Director: Leo McCarey                                 Writers: Frank Butler and Frank Cavett
Film Score: Robert Dolan                             Cinematography: Lionel Lindon
Starring: Bing Crosby, Barry Fitzgerald, Frank McHugh and Jean Heather

I’m not sure I really understand Going My Way. It’s obviously a Bing Crosby vehicle, although there’s precious little singing in it until the final twenty minutes. The script is all over the place, with juvenile delinquents, a runaway girl singer, grouchy neighbors, the bank managers trying to foreclose on the church, the old flame opera singer, and the replacement of the venerable priest with the young upstart. Then there’s also the fact that Bing Crosby looks no more like a priest than Montgomery Clift in I Confess. Now there are a lot of old films where priests figure prominently, some of them with great success, but this one keeps me at a distance.

Gary Giddins, in his book of reviews, Natural Selection, calls the film a “neglected masterpiece.” He praises Crosby for his natural acting, but for me it's like a lot of acting. In this case it’s the way Bing always acted . . . like Bing. Another aspect of the film that underwhelms is the mix of comedy and pathos.
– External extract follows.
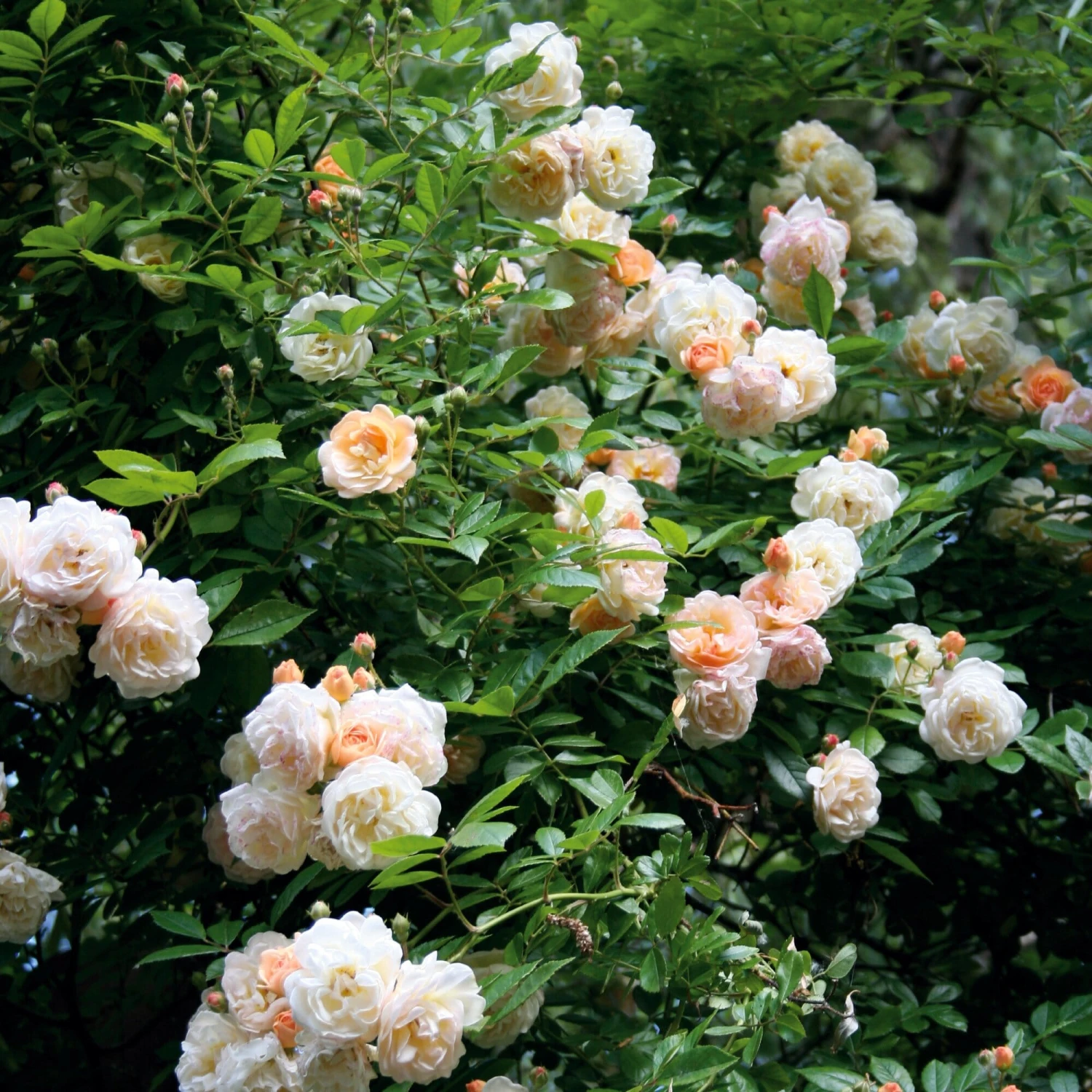 Im Gegensatz zu den eigentlichen Kletterrosen haben die Rambler weiche und elastische Triebe und können klettern, ohne hochgebunden werden zu müssen. Sie erreichen dabei beachtliche Höhen (wenn man sie beispielsweise in einen Baum wachsen lässt) und müssen kaum geschnitten werden. Sie blühen am zweijährigen Holz und können – in Ermangelung einer Kletterhilfe – ebenso gut kriechend den Boden bedecken. Obwohl Ramblerrosen bereits im frühen 19. Jahrhundert gezüchtet wurden, sind sie heute nur wenig bekannt. Ihrer zahlreichen Vorzüge wegen und weil wir meinen, dass diese Rosen mehr Beachtung verdienen, bieten wir ein kleines Sortiment an.

Again, Giddins likes this: “the tears it elicits are hard-won” and claims it “generates much empathic laughter in a theater.” But for me the two seem to cancel each other out and leave me unable to really enjoy either.

The story has Crosby as a priest coming to his new parish, currently run by the irascible Barry Fitzgerald who doesn’t like the young father’s progressive ways. Crosby proceeds to ingratiate himself in the community, turn the delinquents into a boys’ choir, and seemingly solve the problems of everyone who comes in the church door. While the eventual replacement of Fitzgerald with Crosby is the apparent conflict, it really doesn’t play out that way, and eventually the conflict becomes getting money to save the church. As far as the music, the songs aren't integrated into the plot in any way either. It puts me in the mind of another Academy Award winner that left me equally as cold, How Green was My Valley.

All of which brings me back to my mystification that it won the Oscar that year, especially given that it was going up against Double Indemnity and Gaslight. The film practically swept the Academy Awards in 1945, not only winning for best picture, but for Crosby in the lead, Fitzgerald for supporting, director, screenplay and the song “Swinging on a Star.” It’s not the first time the Academy has made some bizarre selections, and I’m sure there are lots of folks like Giddins who love the film. For me, however, I’m going to have to say Going My Way is not a great film.